Since then, the company has expanded to cover Burger King, Taco Bell, and Popeyes locations across California, Oregon, and Washington. This tremendous growth was recognized in 2019 and 2023, when Ghai Management was awarded Burger King's Global Franchisee of the Year.

To support this growth, the Ghai Management team needed to employ a small army of fry cooks, shift managers, and drive-thru attendants, all while they dealt with typical employee turnover found in quick-serve restaurants.

Problems with Old Provider

To maintain their position as an employer of choice, Ghai Management has built a robust benefits package that includes management trainings, English-language workshops, and earned wage access. Even as the fast-food minimum wage in California rose to $20 per hour, the Ghai team saw strong interest and usage of the EWA benefit.
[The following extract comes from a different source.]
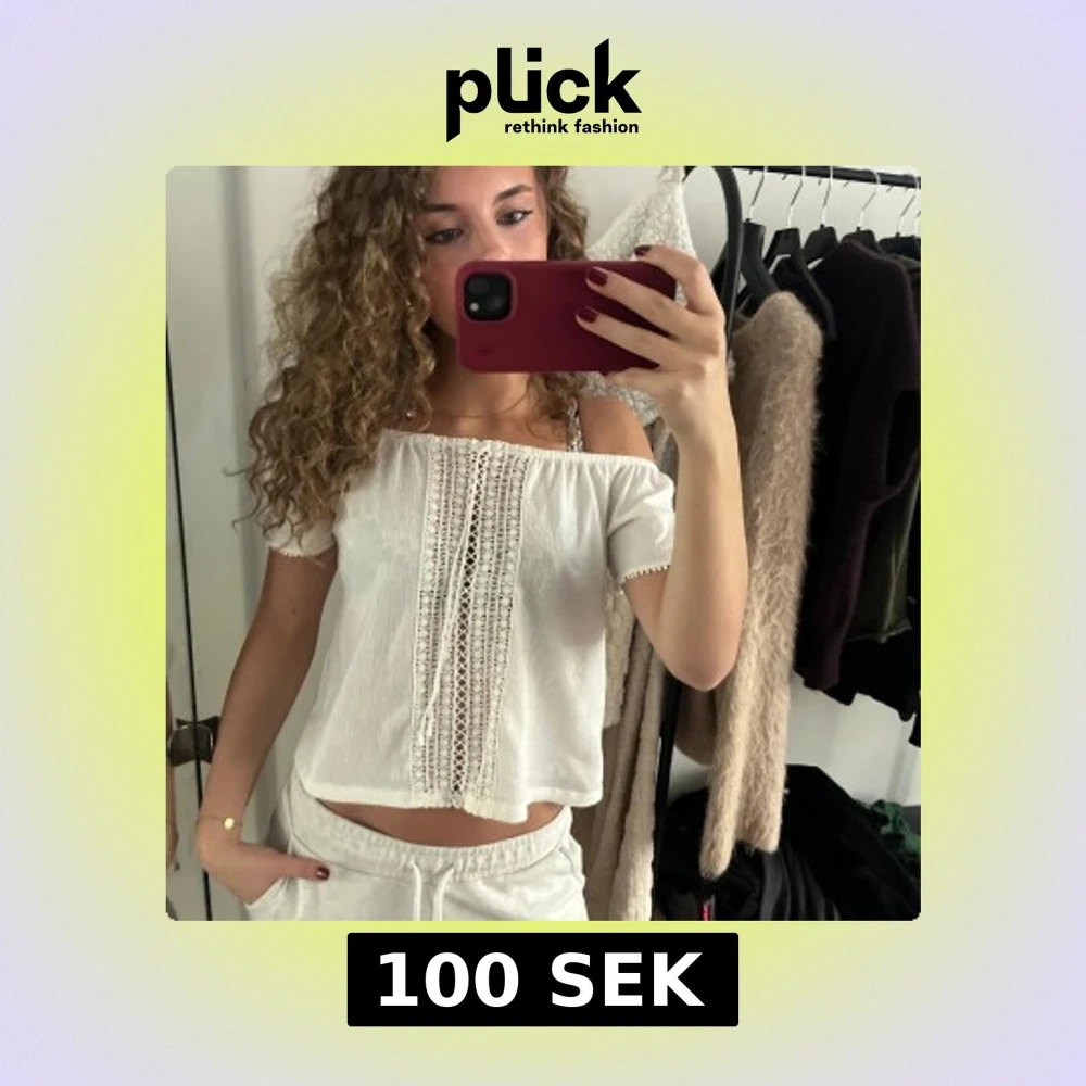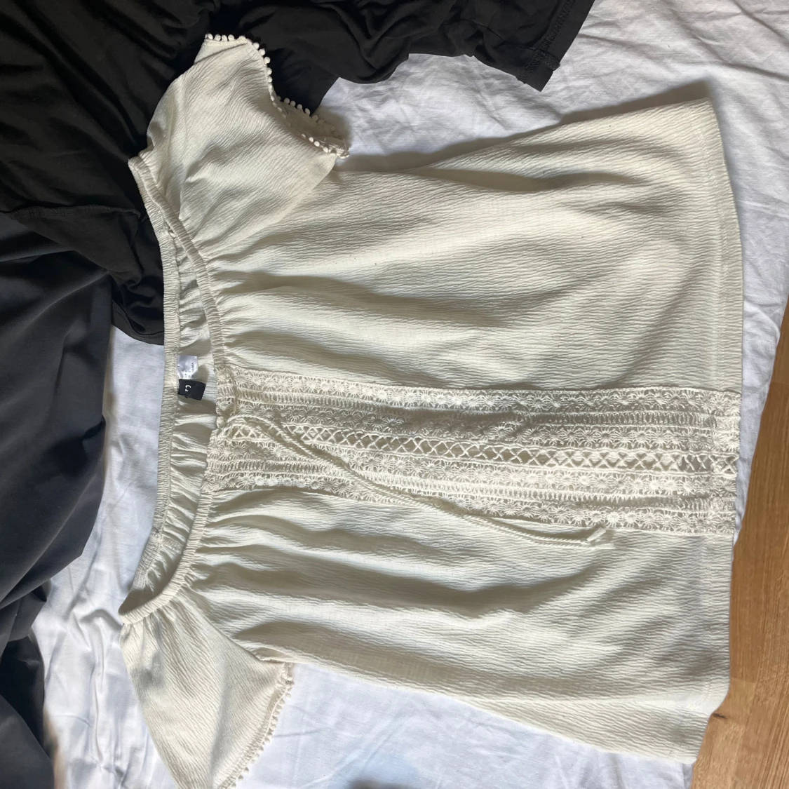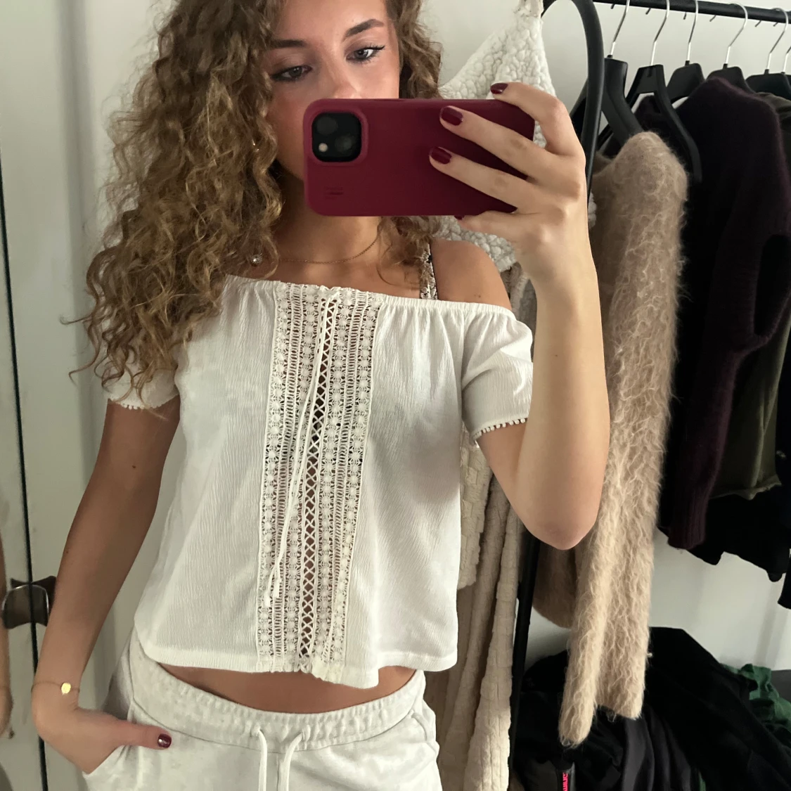 Superfin vit offshoulder blus från H&M med spets och broderade detaljer framtill. Blusen är croppad och har små bollar längs ärmsluten. Perfekt till sommaren och enkel att styla med jeans eller kjol.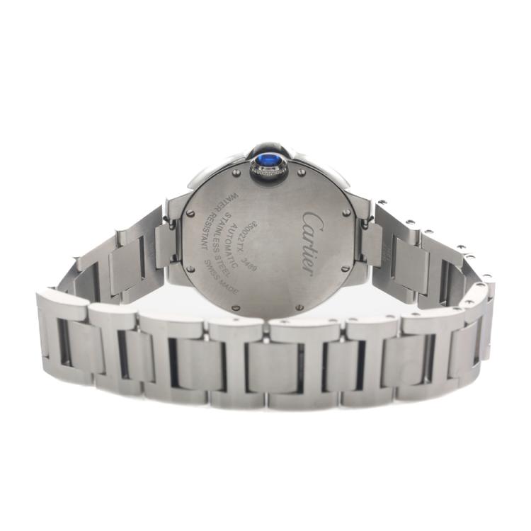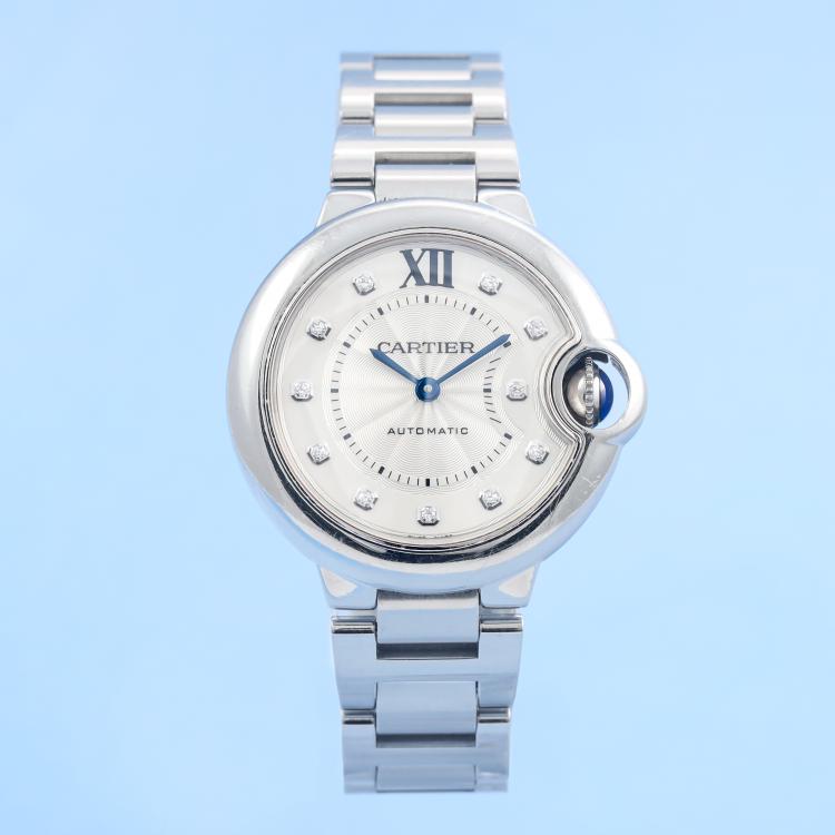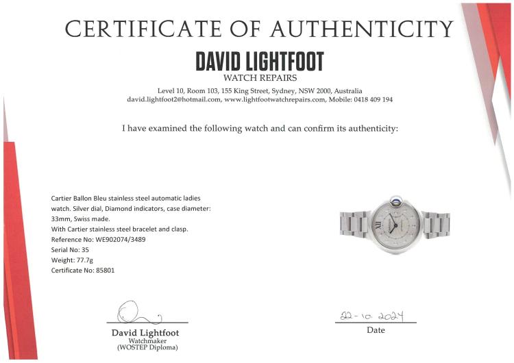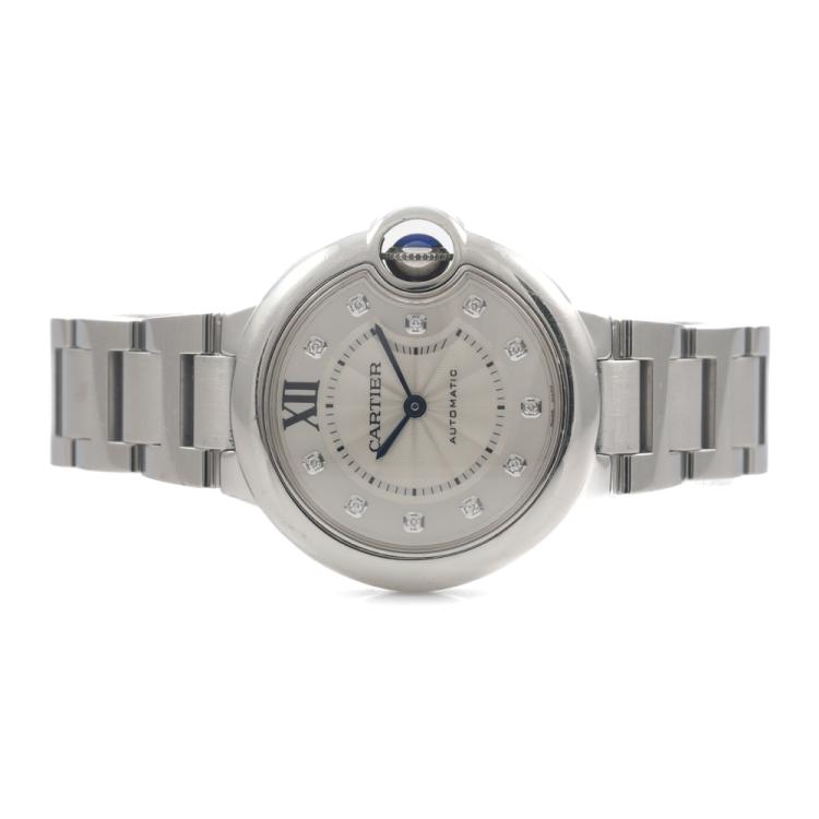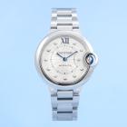 Cartier Ballon Bleu stainless steel automatic ladies watch. Silver dial, Diamond indicators, case diameter: 33mm, wrist size: 17cm, Swiss made. Ref# WE902074/3489. With Cartier stainless steel bracelet and clasp. With Certificate of Authenticity and Cartier box. 3 month FSA warranty. (Pre-owned)

But their previous earned wage access provider seemed to create more problems than it solved.

“It was a horrible experience,” says Jennifer Frick, Vice President of HR for Ghai Management. “Our employees loved the program, but we had issues. Only about half of our employees were actually able to use the system in the six months that we had it.”  

Image credit: Ghai Management Services, LinkedIn

The primary issue stemmed from how the provider handled employee wages. They didn’t provide paystubs with itemized deductions, so employees weren’t always aware of why their check was lighter than they expected. Adhering to California’s immediate payout laws upon termination was also made difficult with the other provider.

“[They asked] why is my is my paycheck short? And they didn't understand. We're in California, an immediate payout state, and they created some issues with the way they process [payouts]. Our employees got very, very frustrated with it.

“It was kind of just an awful experience for us.”   

Finding Tapcheck  

Earned wage access has become a popular and sought-after benefit in the QSR industry, where many workers live paycheck-to-paycheck. Ghai's previous EWA provider came advertised as a solution that worked well with California law, but the headaches they created gave the team a reason to see what else was out there.

After an easy integration of Tapcheck into Ghai Management’s HRIS platform, Alliance, employees are taking advantage. 69% of Ghai employees registered with Tapcheck are transferring at least once per month.

Image credit: Ghai Management Services, LinkedIn

“Everyone in HR and Payroll is so much happier with Tapcheck; so much happier as far as the employees go.”

In 2024, Ghai Management has seen their turnover levels fall well below the industry average. What was 150% turnover in 2022 has dropped to just 50% turnover by 2024, a huge swing in retention that’s largely due to the increase in minimum wage in California and elsewhere. But playing a major part is the robust benefits package they offer, with EWA playing a key role before and after the wage increase took effect.

“It wasn’t always easy to hire [in this industry],” explains Jennifer. “That’s why we wanted to bring it on. Even now, with everyone paying the same, it’s something else we can offer to help retention and engagement."